Continuous multi-project mode is managed by the Aorus user service installed by setup_aorus.sh. Configure watched roots with METAOPT_QUEUE_ROOTS in config.env (colon-separated). Re-run setup_aorus.sh (no --restart-ray) after changing METAOPT_QUEUE_ROOTS — the daemon will not pick up the new root until then, but running jobs are not affected. Do not launch per-project long-running daemons for normal operation; keep one shared watcher and isolate projects by queue root.
4. Poll status
cd ~/projects/ray-hetzner
python3 metaopt/get_batch_status.py \
--queue-root /home/jakub/projects/<project>/.ml-metaopt \
--batch-id batch-001
Dry-run rehearsal:
cd ~/projects/ray-hetzner
python3 metaopt/get_batch_status.py \
--queue-root /home/jakub/projects/<project>/.ml-metaopt \
--batch-id batch-001 \
--dry-run
5. Fetch results
cd ~/projects/ray-hetzner
python3 metaopt/fetch_batch_results.py \
--queue-root /home/jakub/projects/<project>/.ml-metaopt \
--batch-id batch-001
Dry-run rehearsal:
cd ~/projects/ray-hetzner
python3 metaopt/fetch_batch_results.py \
--queue-root /home/jakub/projects/<project>/.ml-metaopt \
--batch-id batch-001 \
--dry-run
Use ray job status or ray job logs on Aorus only when diagnosing an active job beyond what queue state already reports.

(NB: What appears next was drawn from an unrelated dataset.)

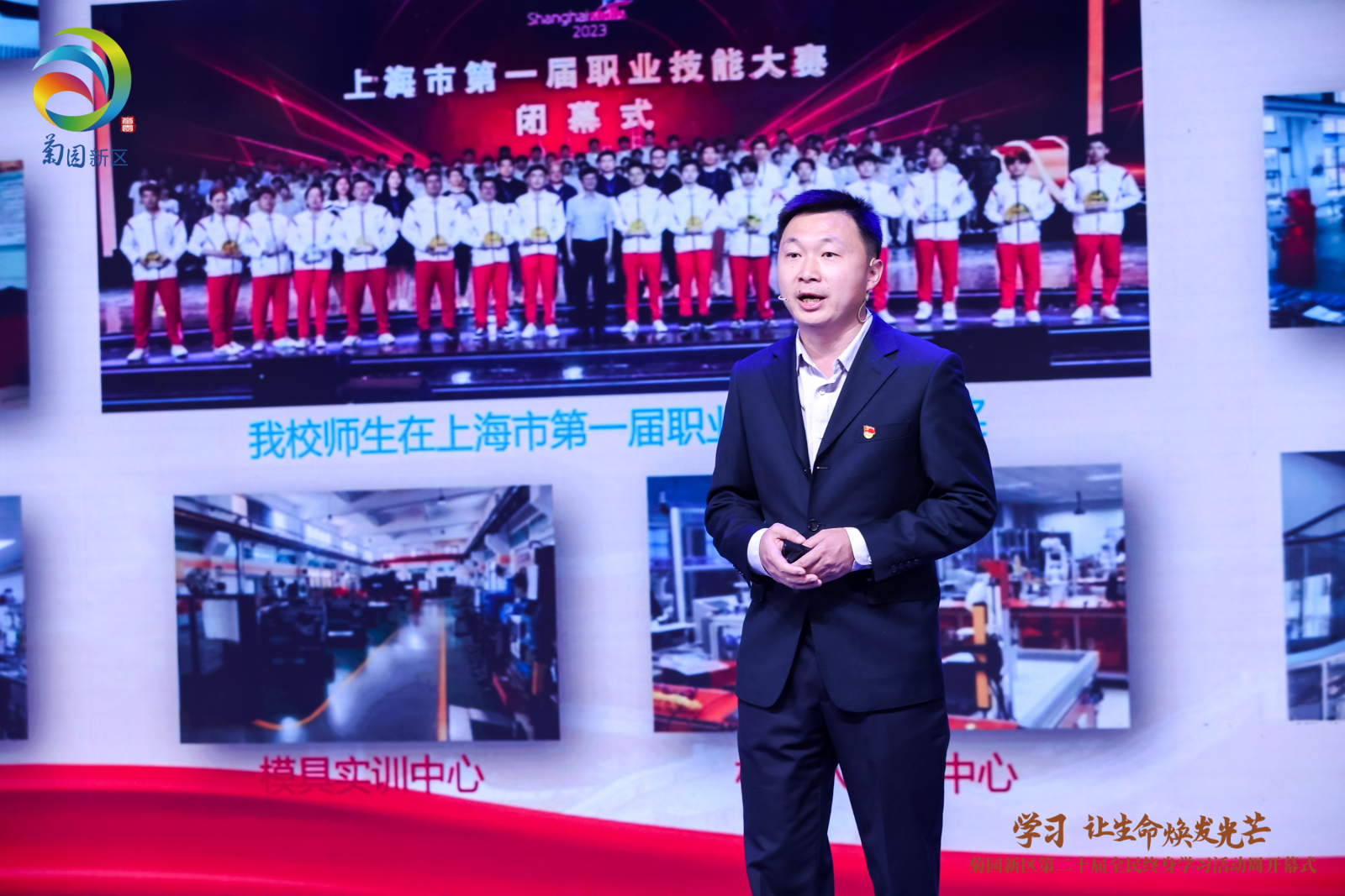 11月1日,在菊园新区第二十届全民终身学习周活动中,我校实训中心教师王文强作为“全国百姓学习之星”分享了“匠心筑梦,学习成就未来”的主题演讲。王老师从个人成长经历和学习经历分享了自己的经验,从一名上海市技术能手成长为全国技术能手,到全国优秀教师,享受国务院特殊津贴,他以其卓越的教学成就和对终身学习的执着追求为题材,讲述着他自己的故事,并激励着每一位听众。

Direct Delegation Workflow
Use this path for one-off runs that do not fit the queue contract.
1. Refresh or inspect the control plane
cd ~/projects/ray-hetzner
./setup_aorus.sh
./status.sh
Same rules as the queue workflow: default run is daemon-only and safe. Pass --restart-ray only when Ray itself needs restarting.

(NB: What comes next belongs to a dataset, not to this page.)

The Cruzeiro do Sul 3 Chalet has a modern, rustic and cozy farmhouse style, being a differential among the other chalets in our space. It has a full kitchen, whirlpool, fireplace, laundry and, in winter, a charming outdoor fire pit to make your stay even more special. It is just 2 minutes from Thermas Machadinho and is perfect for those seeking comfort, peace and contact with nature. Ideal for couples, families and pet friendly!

2. Sync code explicitly to a dedicated remote path
Warning: --delete removes files on the remote that don't exist locally. Only use with a dedicated remote path that nothing else writes to. Verify the destination before running.
rsync -az --delete \
--exclude='.git' \
--exclude='__pycache__' \
~/projects/MyProject/ \
aorus:~/projects/MyProject/
Use dedicated remote directories because rsync --delete is destructive outside isolated targets. Never sync large datasets implicitly.
3. Submit the run through Ray Jobs
cd ~/projects/ray-hetzner
./submit_ray_job.sh \
--working-dir /home/jakub/projects/MyProject \
--entrypoint "python3 path/to/script.py"
Dry-run rehearsal:
cd ~/projects/ray-hetzner
./submit_ray_job.sh \
--dry-run \
--working-dir /home/jakub/projects/MyProject \
--entrypoint "python3 path/to/script.py"
The helper returns a Ray job ID during real execution. Prefer Ray Jobs over interactive terminal sessions for one-shot work.
4. Track logs and results
Use backend-documented Ray Jobs commands for active-job diagnostics. Fetch result trees explicitly with rsync when the user asks for them.
Sync and Data Policy
- Code sync: explicit and targeted; use dedicated remote paths.
- Queue artifacts: let queue mode move code artifacts instead of inventing a second sync path.
- Large datasets: never sync implicitly.
- Results: always make retrieval explicit.
- Aorus-specific files: stage them separately when a workflow depends on fixed paths on Aorus.
Safety Rules
- Reuse the Aorus head by default.
- Prefer queue mode when the work fits the queue contract.
- Do not perform destructive cleanup unless the user clearly asks for it.
- Do not silently sync large datasets.
- Make the chosen mode explicit: queue vs direct, bootstrap vs reuse, sync scope, and cleanup scope.
- Use
ray-hetzner's documented primary surface, not removed lifecycle scripts.
- Always pass an explicit
--queue-root for queue commands.
Legacy Boundary
The old manual Hetzner head and worker lifecycle has been removed from the backend. Do not present it as a fallback, and do not recreate it in this skill.
Failure Handling
If prerequisites are missing for real execution, fail clearly and point to the blocked ray-hetzner step instead of inventing a fallback.
Use dry-run or rehearsal behavior only when the user is explicitly planning, inspecting, or validating safety before a real remote operation.